# Where do Detroit TC racers go these days?



## snaggy (Mar 9, 2013)

I am an old TC racer that used to run at Larry's and Rider's parking lot races dying to get back into it, but all I see locally are off road. Where do Detroiters go to race, Hobby Stop West? Revolution? CEFX? 
I saw the HSW flier on here, will there be TC racing beyond March? I don't even have my car yet. 
Thanks in advance I am anxious to run again!


----------



## T Tom (Jun 5, 2009)

*Detroit Area Onroad*

I sure hope something pops up out of the woodwork !!


----------



## mrbighead (Dec 17, 2008)

snaggy said:


> I am an old TC racer that used to run at Larry's and Rider's parking lot races dying to get back into it, but all I see locally are off road. Where do Detroiters go to race, Hobby Stop West? Revolution? CEFX?
> I saw the HSW flier on here, will there be TC racing beyond March? I don't even have my car yet.
> Thanks in advance I am anxious to run again!

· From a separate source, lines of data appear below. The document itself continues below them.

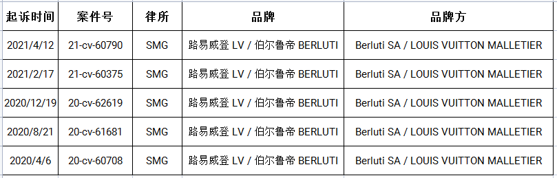 今天小编带大家来盘点一下各大知名品牌包包的侵权案件,给大家敲个警钟,各卖家要以此为戒,尽快下架相关的品牌产品。品牌:路易威登LV/伯尔鲁帝BERLUTILV的老花图案很有名,Berluti主要是文字商标。案件参数:品牌方:BerlutiSA/LOUISVUITTONMALLETIER起诉类型:商标代理律所:SMG(STEPHENM.GAFFIGAN,P.A.)–佛罗里达–美国历史发案情况:品牌介绍
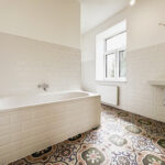 Łazienki wykończono płytkami hiszpańskiej firmy Peronda, armaturą Omnires (styl art deco) oraz ceramiką Roca.
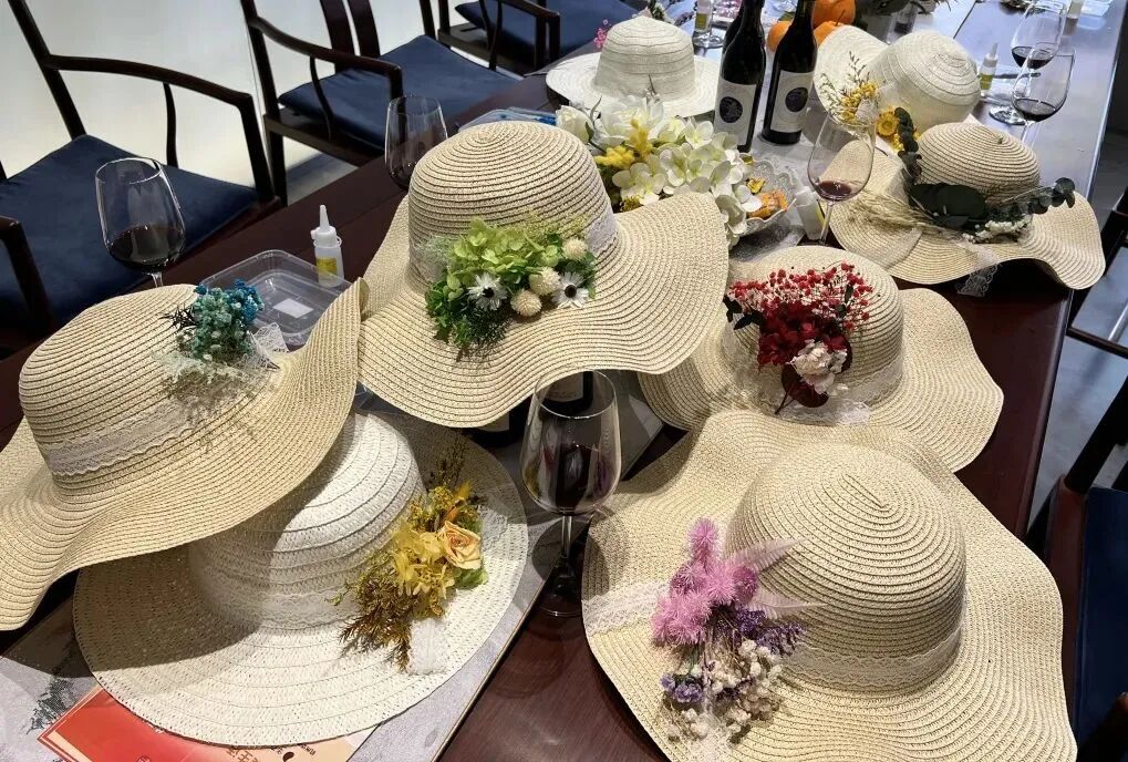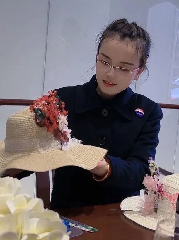 工艺老师从花材、配色和技巧等方面生动地为大家讲解了制作要点,大家细致地修剪花枝、亲自动手搭配花束,用充满春天柔美色彩的鲜花饰于法式田园遮阳帽上,设计属于自己的春日风景,为自己送上一份节日的祝福。
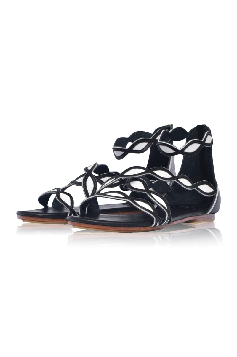 Blossom Leather Sandals in Black and White
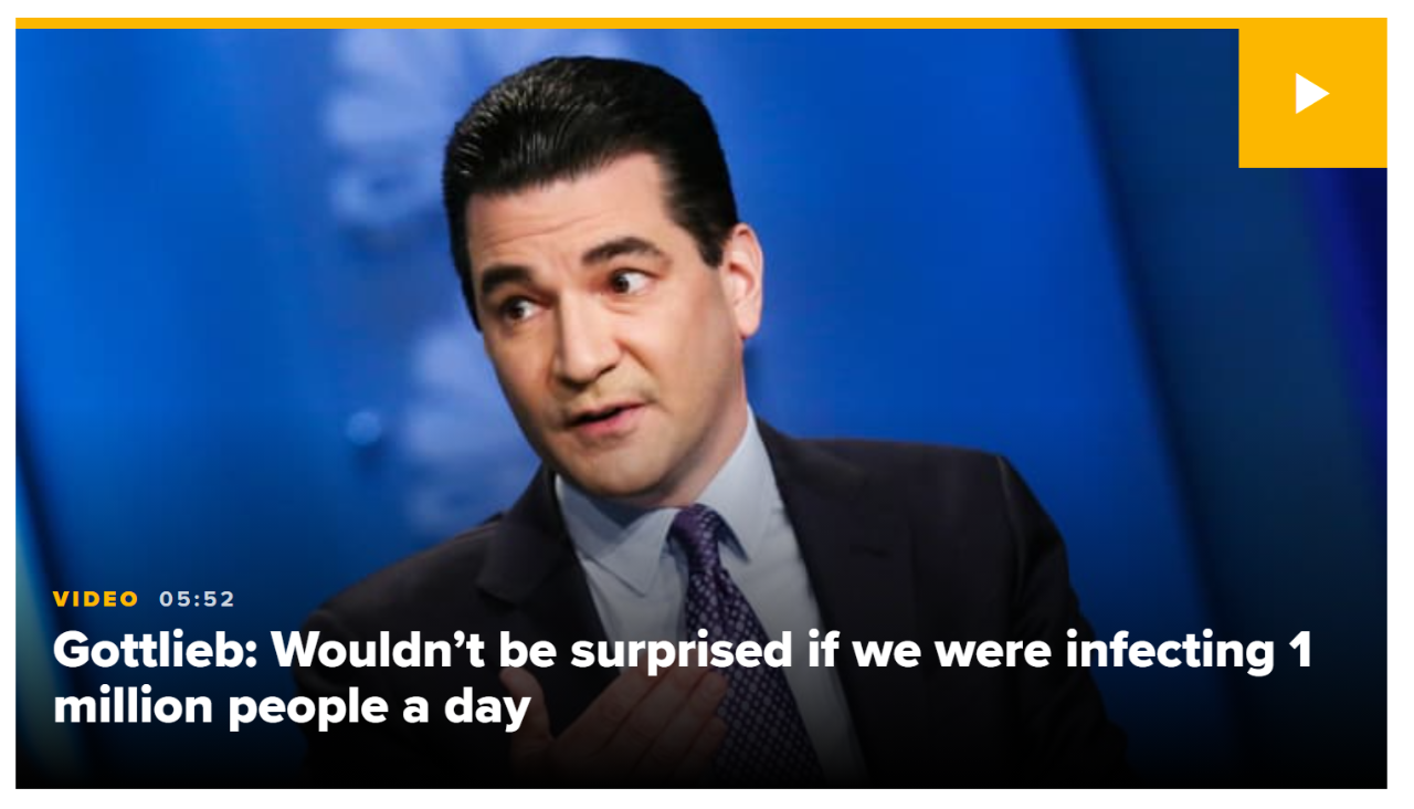 戈特利布稱,確診病例數(shù)與真實(shí)感染水平之間的差異源于那些無癥狀或僅出現(xiàn)輕微癥狀的患者,他們不會接受美國衛(wèi)生部門的檢測并出現(xiàn)在官方所公布的確診病例數(shù)字中。

Ever one from Detroit that race onroad is going to hobby stop west on Sunday.. You can find more infomation on their facebook they are in a new location.
Shopping & Retail · Sports Venue & Stadium 
2726 Woodville Road #3, Northwood, OH.
(419) 471-1108


----------



## CarbonJoe (Jun 29, 2006)

Several of the Detroit area racers show up at The Gate in Brunswick, Oh. More info here:

http://www.norcarracing.com/

and this thread on HT: http://www.hobbytalk.com/bbs1/showthread.php?t=386284


----------



## johnny lee (Sep 24, 2010)

*where's waldo*

we go down to hobby stop west in toledo, occasionally action hobbies in ontario, canada, and we are looking to go to lou's speedway further in canada.


----------



## Speed Freak RC (Jan 3, 2013)

I know we are north of Detroit (Flint area) but we are parking lot racing in Flushing. See our thread in this forum (Riverview R/C Racing)


----------



## rickardracing (Oct 12, 2005)

TC racing in the immediate Metro Deetroit area is pretty much extinct. Too bad, I remember when there were too many tracks.


----------